What is a head injury?

A head injury is any sort of injury to your brain, skull, or scalp. This can range from a mild bump or bruise to a traumatic brain injury. Common head injuries include concussions, skull fractures, and scalp wounds. The consequences and treatments vary greatly, depending on what caused your head injury and how severe it is.

Head injuries may be either closed or open. A closed head injury is any injury that doesn’t break your skull. An open, or penetrating, head injury is one in which something breaks your skull and enters your brain.

It can be hard to assess how serious a head injury is just by looking. Some minor head injuries bleed a lot, while some major injuries don’t bleed at all. It’s important to treat all head injuries seriously and get them assessed by a doctor.

How common is a head injury?

Please discuss with your doctor for further information.

Symptoms

What are the symptoms of a head injury?

The common symptoms of a minor head injury are:

  • A headache
  • Lightheadedness
  • A spinning sensation
  • Mild confusion
  • Nausea
  • Temporary ringing in the ears

The symptoms of a severe head injury include many of the symptoms of minor head injuries. They can also include:

  • A loss of consciousness
  • Seizures
  • Vomiting
  • Balance or coordination problems
  • Serious disorientation
  • An inability to focus the eyes
  • Abnormal eye movements
  • A loss of muscle control
  • A persistent or worsening headache
  • Memory loss
  • Changes in mood
  • Leaking of clear fluid from the ear or the nose

There may be some symptoms not listed above. If you have any concerns about a symptom, please consult your doctor.

When should I see my doctor?

If you have any signs or symptoms listed above or have any questions, please consult with your doctor. Everyone’s body acts differently. It is always best to discuss with your doctor what is best for your situation.

Causes

What causes a head injury?

In general, head injuries can be divided into two categories based on what causes them. They can either be head injuries due to blows to the head or head injuries due to shaking.

Head injuries caused by shaking are most common in infants and small children, but they can occur any time you experience violent shaking.

Head injuries caused by a blow to the head are usually associated with:

  • Motor vehicle accidents
  • Falls
  • Physical assaults
  • Sports-relatotoed accidents

In most cases, your skull will protect your brain from serious harm. However, injuries severe enough to cause head injury can also be associated with injuries to the spine.

Risk factors

What increases my risk for a head injury?

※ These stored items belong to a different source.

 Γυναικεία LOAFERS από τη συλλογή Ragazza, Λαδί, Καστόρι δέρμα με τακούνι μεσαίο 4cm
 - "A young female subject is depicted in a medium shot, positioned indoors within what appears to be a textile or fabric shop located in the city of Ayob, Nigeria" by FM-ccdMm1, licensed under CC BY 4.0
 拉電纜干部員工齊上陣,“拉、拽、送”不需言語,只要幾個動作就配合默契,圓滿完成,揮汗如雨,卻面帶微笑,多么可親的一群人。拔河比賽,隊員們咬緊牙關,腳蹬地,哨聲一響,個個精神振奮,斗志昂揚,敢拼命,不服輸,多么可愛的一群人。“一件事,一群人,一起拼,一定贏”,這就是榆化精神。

Please discuss with your doctor for further information.

Diagnosis & treatment

The information provided is not a substitute for any medical advice. ALWAYS consult with your doctor for more information.

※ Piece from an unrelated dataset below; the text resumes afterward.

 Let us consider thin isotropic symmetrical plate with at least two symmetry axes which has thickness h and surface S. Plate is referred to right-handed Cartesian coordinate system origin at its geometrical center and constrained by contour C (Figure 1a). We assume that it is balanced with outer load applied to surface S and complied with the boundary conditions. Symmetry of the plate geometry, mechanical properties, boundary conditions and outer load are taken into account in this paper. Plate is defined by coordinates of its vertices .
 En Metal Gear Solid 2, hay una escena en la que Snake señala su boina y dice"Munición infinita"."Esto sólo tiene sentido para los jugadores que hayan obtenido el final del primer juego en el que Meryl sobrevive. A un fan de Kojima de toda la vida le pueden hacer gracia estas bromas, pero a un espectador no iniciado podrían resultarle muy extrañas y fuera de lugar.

How is a head injury diagnosed?

One of the first ways your doctor will assess your head injury is with the Glasgow Coma Scale (GCS). The GCS is a 15-point test that assesses your mental status. A high GCS score indicates a less severe injury.

Your doctor will need to know the circumstances of your injury. Often, if you’ve had a head injury, you won’t remember the details of the accident. If it’s possible, you should bring someone with you who witnessed the accident. It will be important for your doctor to determine if you lost consciousness and for how long if you did.

Your doctor will also examine you to look for signs of trauma, including bruising and swelling. You’re also likely to get a neurological examination, in which your doctor will evaluate your nerve function by assessing your muscle control and strength, eye movement, and sensation, among other things.

Imaging tests are commonly used to diagnose head injuries. A CT scan will help your doctor look for fractures, evidence of bleeding and clotting, brain swelling, and any other structural damage. CT scans are fast and accurate, so they’re typically the first type of imaging you will receive. You may also receive an MRI scan, which can offer a more detailed view of the brain. An MRI scan will usually only be ordered once you’re in stable condition.

How is a head injury treated?

The treatment for head injuries depends on both the type and the severity of the injury.

With minor head injuries, there are often no symptoms other than pain at the site of the injury. In these cases, you may be told to take acetaminophen (Tylenol) for the pain. You shouldn’t take nonsteroidal anti-inflammatory drugs (NSAIDs), such as ibuprofen (Advil) or aspirin (Bufferin), because they can make any bleeding worse. If you have an open cut, your doctor may use sutures or staples to close it. They’ll then cover it with a bandage.

Even if your injury seems minor, you should still watch your condition to make sure it doesn’t get worse. It isn’t true that you shouldn’t go to sleep after you have injured your head, but you should be woken up every two hours or so to check for any new symptoms. You should go back to the doctor if you develop any new or worsening symptoms.

You may need to be hospitalized if you have a serious head injury. The treatment you receive at the hospital will depend on your diagnosis.

The treatment for severe head injuries can include:

Medication

If you’ve had a severe brain injury, you may be given antiseizure medication. You’re at risk for seizures in the week following your accident.

You may be given diuretics if your injury has caused a buildup of pressure in your brain. Diuretics cause you to excrete more fluids. This can help to relieve some of the pressure.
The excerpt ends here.